By Manon Desjardins et Paloma Jacquet

Introduction

Bordetella bronchiseptica is a gram-negative, rod-shaped commensal (and possible pathogen) in many wild and domestic animals (figure 1). It colonizes the respiratory tract and is associated with various lung-related infections. Although many B. bronchiseptica strains possess toxins with the potential to destroy tissue, diseases produced by B. bronchiseptica alone are not always severe. Some diseases can however lead to life-threatening pneumonia. Moreover, infection often predisposes an individual to other infections, some of which can have severe clinical consequences. Although it mainly infects animals, there has been infections in immunocompromised humans and the bacteria is considered zoonotic.

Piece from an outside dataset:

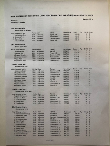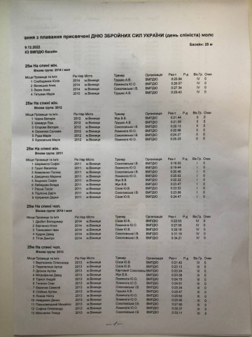 09 -10 грудня у басейні Вінницького міського палацу дітей та юнацтва відбулися внутрішні змагання з плавання, присвячені Дню Збройних сил України (день спиніста) у яких взяли участь 98 юних плавців.

Figure 1: Electron microscopy of B. bronchiseptica biofilm on a glass surface. Source: Nicholson, T.L., Conover, M.S., Deora, R., (2012, November 12). Transcriptome Profiling Reveals Stage-Specific Production and Requirements of Flagella during Biofilm Development in Bordetella bronchiseptica (photograph).

Disease

The main route of transmission for B. bronchiseptica is oral-nasal via direct aerosol droplets (mainly coughing). Infection is initiated by the attachment of B. bronchiseptica to the ciliated cells of the lungs (figure 2A). Inside the lungs, it is able to evade the immune system and create ciliary dysfunction. Ciliated cells have hair-like structure on their surface and are responsible for moving inhaled debris and other pathogens away from the lower respiratory tract. By paralyzing the cilia, Bbronchiseptica increases its chance for colonization and allows for other bacteria to colonize as well. Oftentimes, animals infected with B. bronchiseptica are infected with another bacteria or virus at the same time.

B. bronchiseptica infects a broad range of mammals and gives rise to a wide spectrum of diseases. It is a major cause of “kennel cough” in dogs, which is characterized by persistent, forceful cough, and bronchopneumonia in cats. It is commonly associated with atrophic rhinitis in pigs and snuffles in rabbits. Human disease is rare, but has occurred in individuals that are immunocompromised and occasionally occurs following contact with sick animals. Diseases in this case include pneumonia, sinusitis, and nosocomial tracheobronchitis.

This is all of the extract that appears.